Büyük resme bakıldığında FED’in amacı, uzun vade faiz oranlarını düşük tutup konut, kredi ve sermaye piyasalarına destek vererek tüketici ve iş dünyasının güvenini tesis etmektir. Şimdiye kadar başarılı olduğu söylenebilir. ABD ekonomik verilerinde trend iyileşmekte, borçlanma piyasasında kısa dönem de olsa buzlar erimekte, işsizlik başvuruları azalmakta, tüketici güveni sekiz ayın zirvesinde, üretim faaliyetleri 2011 diplerinden uzaklaşıyor, konut sektörü iyileşme sinyalleri veriyor. Bu arada enflasyon endişeleri artmakla birlikte FED yetkililerinden koro halinde pro-enflasyon söylemleri işitiyoruz. ABD ekonomisi dramatik bir şekilde aşağı yöne değişmedikçe FED, QE3 sopasını göstermeye devam edecek ve düşük faiz ortamına devam edecektir. Son haftalarda ABD ve AB tahvil ihalelerinde oldukça iyileşme gözleniyor.

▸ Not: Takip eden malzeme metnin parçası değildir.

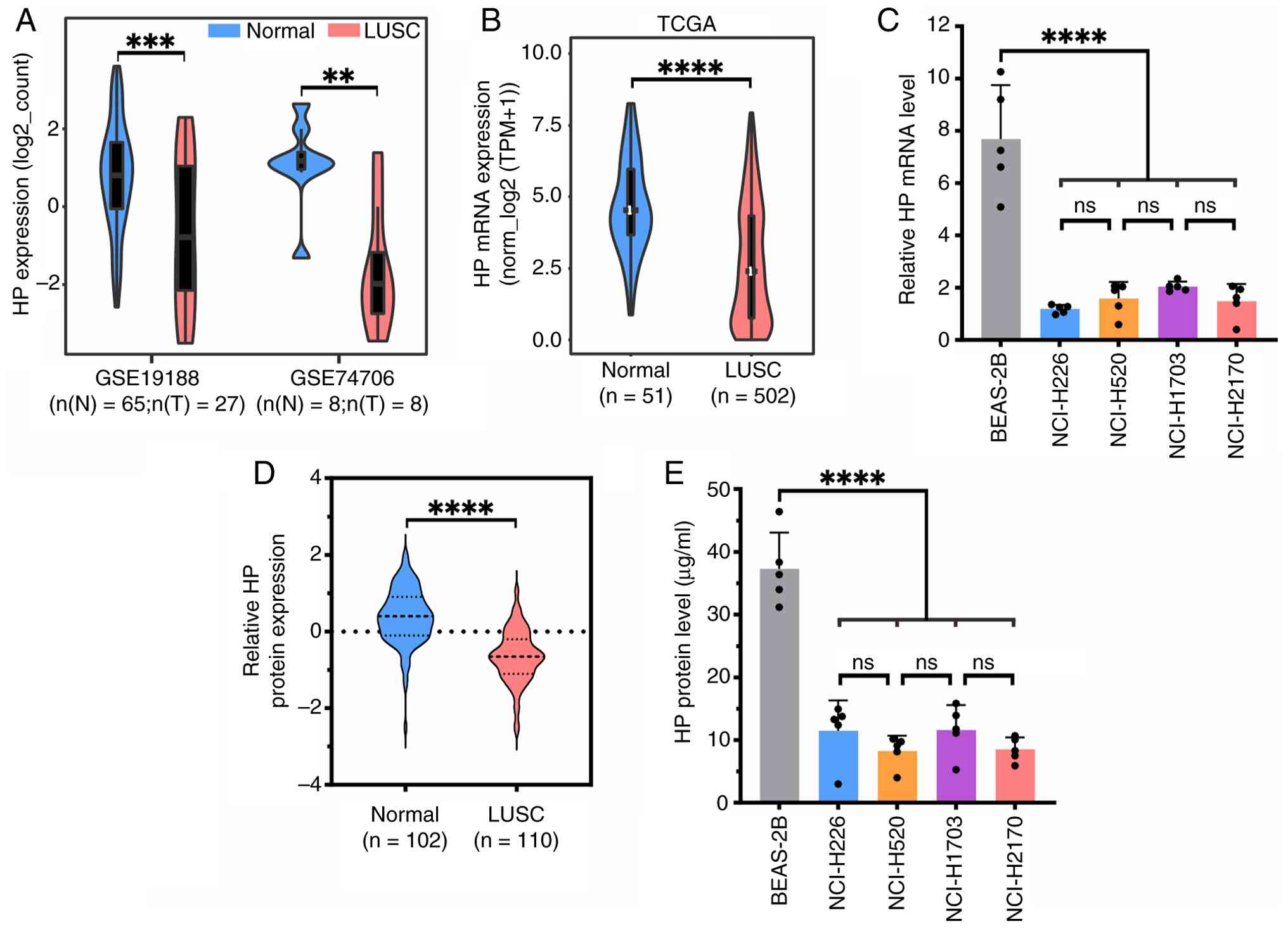 To investigate HP expression in LUSC, gene expression profiles were obtained from GEO and TCGA. Findings from GEO (Fig. 2A) and TCGA (Fig. 2B) revealed a significant downregulation of HP gene expression in LUSC tumor tissues compared with that of normal lung tissues. Subsequent RT-qPCR analysis of HP gene expression in the normal lung epithelial cell line BEAS-2B and LUSC cell lines (NCI-H226, NCI-H520, NCI-H1703, NCI-H2170) showed significant decreases in the LUSC cell lines compared with that of BEAS-2B (Fig. 2C). Examination of the Human Protein Atlas database showed a notable decrease in HP protein expression in LUSC tumor tissues compared with that of normal lung tissues (Fig. 2D). ELISA analysis also confirmed a decrease in HP protein secretion levels in LUSC cell culture supernatant compared with that from the normal lung epithelial cell line BEAS-2B (Fig. 2E). These results indicated a significant downregulation of the HP gene and protein in LUSC tumor tissues and cells.

AB’de zor durumdaki bankalar için FED’in dolar fonlama kolaylığı da İspanya ve İtalyada borçlanmaya faydalı oluyor, nitekim, bu ülkelerde borçlanma faizleri uçlardan gerilemeye başladı.

Tüm bu gelişmeler çerçevesinde S&P’nin birçok AB ülkesinde kredi notlarını düşürmesi beklenen panik ortamını oluşturamadı, dahası güven aracı olarak Mart vade 30 yıllık ABD tahvil fiyatı yüksek seviyede seyretmesine rağmen yeni zirve yapamadı. Dolayısıyla, önümüzdeki haftalarda fiyatı zengin ve şişkin olan 10- 30 yıllık uzun vade tahvil fiyatları (T-Notes/T-Bonds)  geçici bir darbe yada düzeltmeye gebe görünüyor. Mart vadeli 30 yıllık ABD tahvil fiyatı dört aydır 146-12/ 134-22 arasında seyrediyor. AB ülkelerinde kredi notunun düşürülmesi ve FED’in kolay para politikasına rağmen tahvil fiyatında ralli görülmüyor. 30 yıllık için 145 pahalı, bandın alt seviyesine doğru bir seyir başlayabilir.